→ **What is expected**
When you transcribe the entries, reproduce every character and exclude the images.

Records drawn from a dataset:
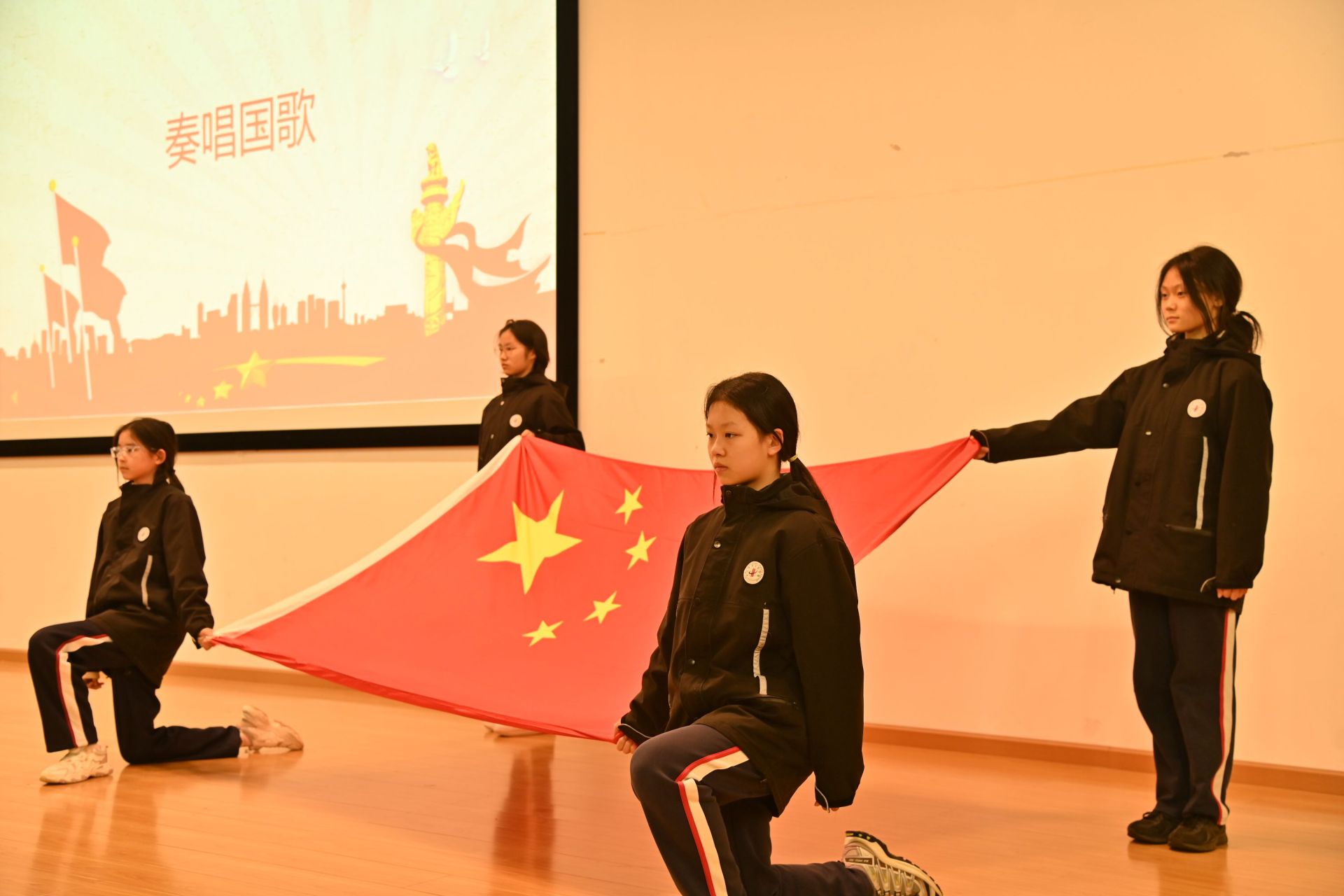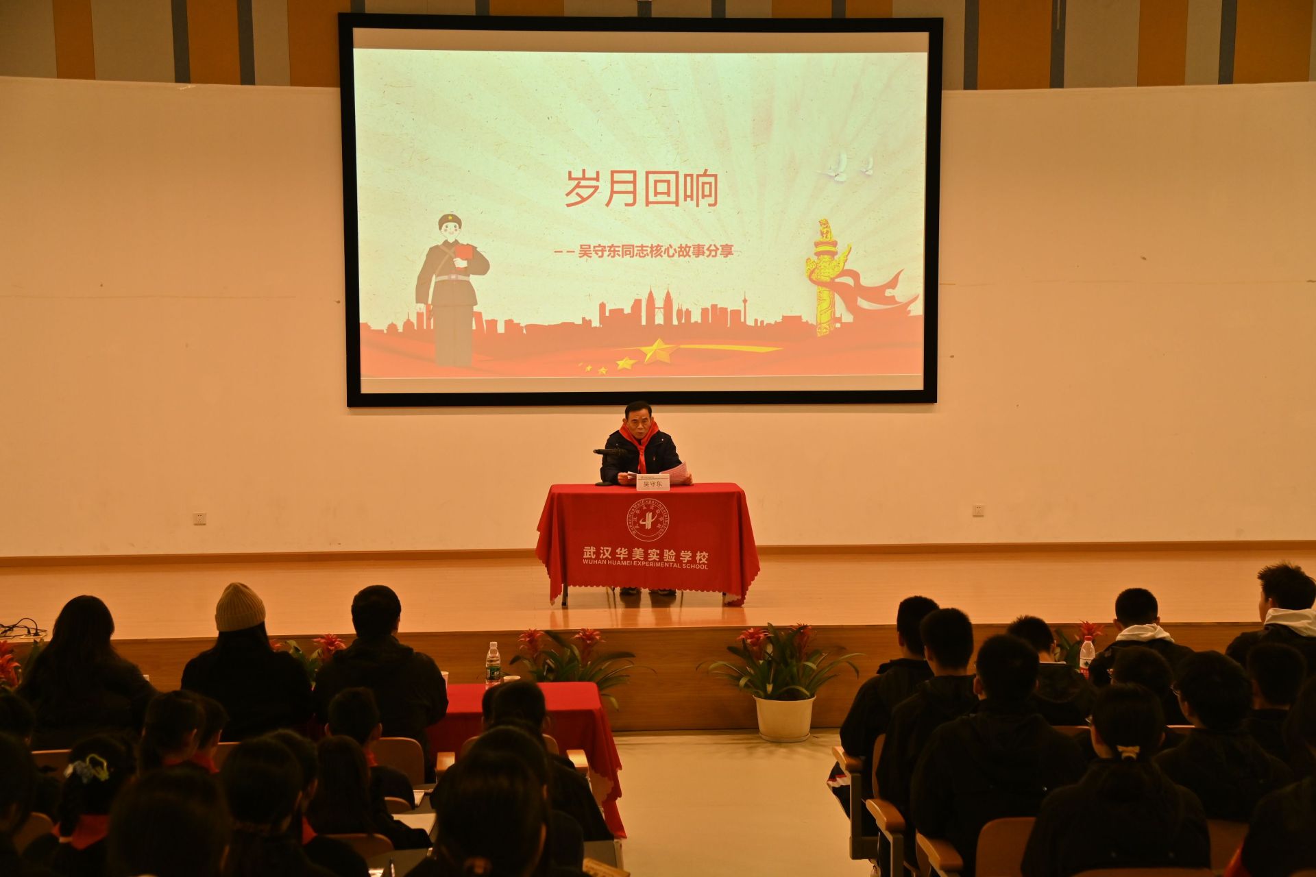 活动现场,武汉华美实验学校团委书记介绍活动主题,国旗班成员整齐列队展示,全场人员起立行注目礼,拉开活动帷幕。活动特邀社区“五老”代表吴守东,曾多次荣获优秀共产党员称号,是连续十年获评先进生产者的老模范。
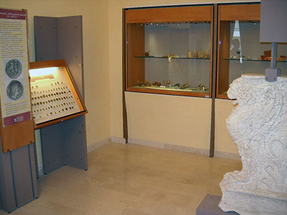 Al primo piano si accede alle sale espositive, dove è documentata la storia della città dalla preistoria al medioevo attraverso i reperti rinvenuti nel corso dei secoli.
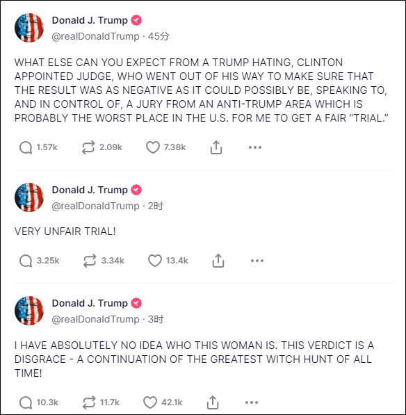 特朗普發文稱裁決為“恥辱”和“政治迫害”,社交媒體截圖 據美聯社、路透社報道,在庭審中,現年79歲的卡羅爾作證說,特朗普“於1995年或1996年”在曼哈頓一家百貨公司的更衣室強奸了她。據卡羅爾所說,特朗普當時以“幫助另一個女人挑選衣服”為由,將她騙到更衣室,隨後對她進行“強奸”。她還說,由於時間過於久遠,她不記得事情發生的確切日期或年份。 特朗普并未在庭審中現身,但曾於去年的一段證詞中說他將卡羅爾誤認為是他的前妻,還說卡羅爾“不是我喜歡的類型”。特朗普的法律團隊在庭審中抨擊了卡羅爾說法的可信性,質疑她為什麼從未向警方報案,也沒有在“強奸”事件中尖叫。 卡羅爾的兩名朋友辯稱,卡羅爾在事發後告訴了他們,但讓他們保密,因為她擔心特朗普會進行報複。卡羅爾表示,在好萊塢製片人哈維·韋恩斯坦性侵事件曝光後,她決定在2017年打破沉默。 卡羅爾還說,特朗普於2022年10月在自創社交平台“真相社交”發文公開否認此事,將此事描述為“民主黨的陰謀”,這毀了她的職業生涯,并引發了他的支持者在網上對她進行惡毒騷擾。
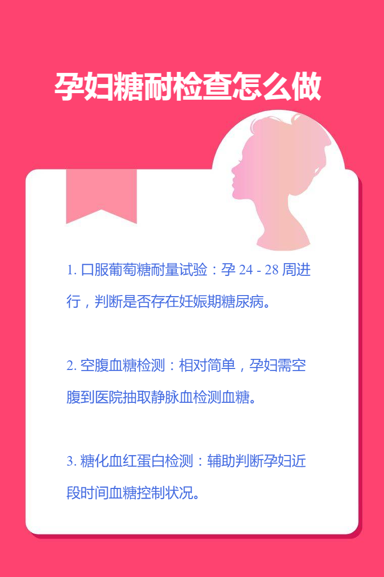 孕妇糖耐检查常见方式有口服葡萄糖耐量试验、空腹血糖检测、糖化血红蛋白检测等。
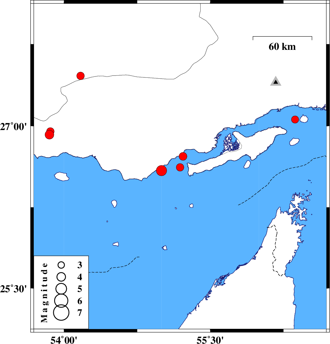 | 2019/07/22 | 23:20:39.9 | 03:50:39.9 | 26.72 | 55.22 | 14 | ML3.6 | Persian Gulf, 43 km North-East of Bandar-e lengeh | ||

→ **Written solution**
 活动现场,武汉华美实验学校团委书记介绍活动主题,国旗班成员整齐列队展示,全场人员起立行注目礼,拉开活动帷幕。活动特邀社区“五老”代表吴守东,曾多次荣获优秀共产党员称号,是连续十年获评先进生产者的老模范。
 Al primo piano si accede alle sale espositive, dove è documentata la storia della città dalla preistoria al medioevo attraverso i reperti rinvenuti nel corso dei secoli.
 特朗普發文稱裁決為“恥辱”和“政治迫害”,社交媒體截圖 據美聯社、路透社報道,在庭審中,現年79歲的卡羅爾作證說,特朗普“於1995年或1996年”在曼哈頓一家百貨公司的更衣室強奸了她。據卡羅爾所說,特朗普當時以“幫助另一個女人挑選衣服”為由,將她騙到更衣室,隨後對她進行“強奸”。她還說,由於時間過於久遠,她不記得事情發生的確切日期或年份。 特朗普并未在庭審中現身,但曾於去年的一段證詞中說他將卡羅爾誤認為是他的前妻,還說卡羅爾“不是我喜歡的類型”。特朗普的法律團隊在庭審中抨擊了卡羅爾說法的可信性,質疑她為什麼從未向警方報案,也沒有在“強奸”事件中尖叫。 卡羅爾的兩名朋友辯稱,卡羅爾在事發後告訴了他們,但讓他們保密,因為她擔心特朗普會進行報複。卡羅爾表示,在好萊塢製片人哈維·韋恩斯坦性侵事件曝光後,她決定在2017年打破沉默。 卡羅爾還說,特朗普於2022年10月在自創社交平台“真相社交”發文公開否認此事,將此事描述為“民主黨的陰謀”,這毀了她的職業生涯,并引發了他的支持者在網上對她進行惡毒騷擾。
 孕妇糖耐检查常见方式有口服葡萄糖耐量试验、空腹血糖检测、糖化血红蛋白检测等。
 | 2019/07/22 | 23:20:39.9 | 03:50:39.9 | 26.72 | 55.22 | 14 | ML3.6 | Persian Gulf, 43 km North-East of Bandar-e lengeh | ||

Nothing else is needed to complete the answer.